В продолжение первых десяти лет своего княжения Андрей Юрьевич, по примеру родителя, глядит только в два конца: на северо-запад и на северо-восток – на ближайших исконных соперников: на Великий Новгород и на Булгарское царство. Ему не до Москвы.
Тем временем созданный Юрием град мал древян на устье Неглинной, еще самой молодший из всех окрестных городов и пригородов, зорко сторожит со своих лесных высот южные рубежи обширной Андреевой волости и, пользуясь годами тишины, неприметно копит силы.
II
Параня так и осталась жить в Москве.
Только теперь никто не звал ее больше Параней. Да девичье полуимя совсем уж и не шло к строгому облику этой сорокалетней женщины, все еще несравненно красивой. В городе Москве, где Петр Замятнич поставил себе двор рядом с княжеским, все величали ее матушкой-боярыней. В кругу же посадских людей, чьи избы лепились к наружному боку московских стен, она слыла Кучковной.
Заходила о Кучковне речь и в покинутом ею Владимире. Там за ней укрепилось иное прозвище. Ее муж, боярин Петр, живал на Клязьме больше, чем на Москве, и был у всех на виду. Среди бывших соседок боярыни ее неожиданный и ничем не объяснимый отъезд из их стольного теперь города вызывал, конечно, частые пересуды. И когда нагнется бывало одна к другой, чтобы выговорить свою последнюю догадку о странной Параниной доле, то непременно начнет с таких слов:
– А наша-то м о с к о в л я н к а…
Все сходились на том, что не обошлось без Милушиного наговора. У Милуши с Петром как раз о ту пору, вскоре после отъезда Кучковны в Москву, пошла особенная любовь да дружба.
Но что же могла наклепать по-прежнему всесильная княгинина наушница Милуша на такую праведную затворницу и молчальницу, как Петрова жена?
А Кучковна будто из головы выкинула тихую Клязьму, где прожила под своими рябинами да вишнями первые девять лет замужества.
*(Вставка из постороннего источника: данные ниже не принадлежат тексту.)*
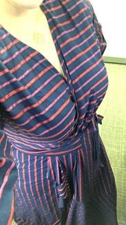 Loved this dress so much I bought it. It's a true wrap dress in a cute pattern. Wore by itself and with a cropped sweater. I often have difficulty with similar dresses being too low in the chest but this one had adequate coverage.

У нее доставало своих дел. Растила дочерей и с отцовской умелостью, но без его суеты и шума приглядывала за богатым хозяйством, какое Петр Замятнич завел под Москвой и доверил жене. Доброй земли у него понахватано было здесь вдоволь – в разных концах и всякими способами: где сам выдрал из-под леса, где купил, где выпросил у князя, где взял за долг, где выменял, где прибрал силой.
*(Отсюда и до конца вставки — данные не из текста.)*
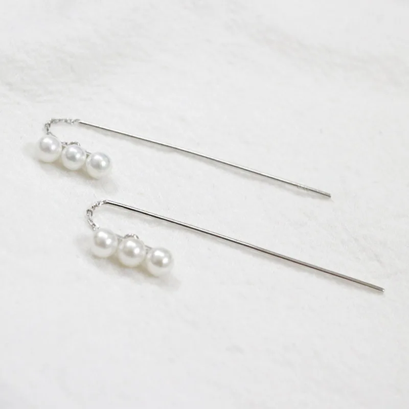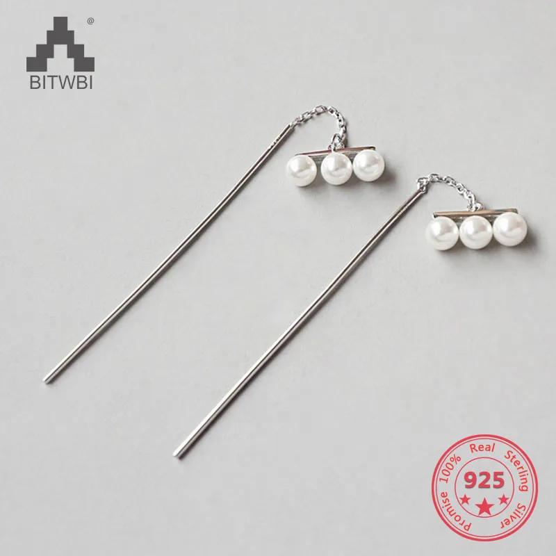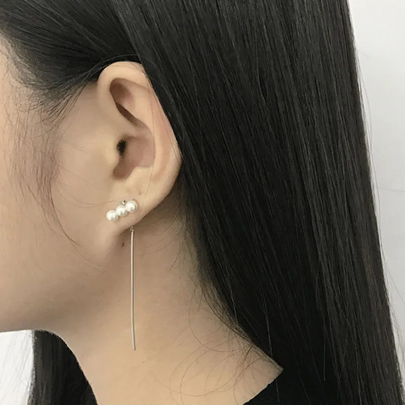 100% S925 Sterling Silver CHIC Pearl Geometric Long Strip Tassel Earrings

В досужие часы сидела боярыня с дочерьми у себя в терему или, если день выдавался погожий, на набережном рундуке (так назывался высокий, пристроенный к дому помост со спуском в сад, в сторону реки) и с ними в шесть рук либо вышивала, либо пряла. И вспоминала.
А что вспоминать? Своей жизни словно и не было. А чужая шла мимо. На Москве знатные люди бывали только проездом. Лишь про то и знала, что дойдет через них урывками.
Именно так – от мимоходцев – услыхала она когда-то, еще на самых первых порах своего московского житья, о смерти старого князя Юрия Владимировича Долгорукого, последнего Мономашича.
Был самый конец холодного и дождливого мая. Цвела черемуха. От только что достроенных московских стен шел бодрый дух свежего смоляного бревна (а теперь вон какие стали голубые да мшистые!). Параня жила еще тогда в княжом тереме и с его вышки часто видела в те ненастные летние дни, как паромщики переправляют с другого берега возы. Промокшая кладь на возах была невелика, а лошади тощие. С пристанища обозы сворачивали по грязи влево – на сверкавшую лужами Владимирскую дорогу.
Кучковне объяснили, что это тянутся из Киева остатки суздальцев, княж-Юрьевых ближних людей. После смерти Долгорукого, в самый день его похорон, в Киеве, как сказали ей, наделалось много зла: разграбили красный княжой двор и еще другой, Юрьев двор, за Днепром, особенно любимый покойным князем: он звал его раем. Киевляне совсем озверели: покололи многих суздальских бояр, посаженных Долгоруким под Киевом по городам и селам. Боярские дворы разбили и пожгли.
Подробности предсмертной болезни Юрия и его кончины Кучковна узнала вскоре после того, в Троицын день.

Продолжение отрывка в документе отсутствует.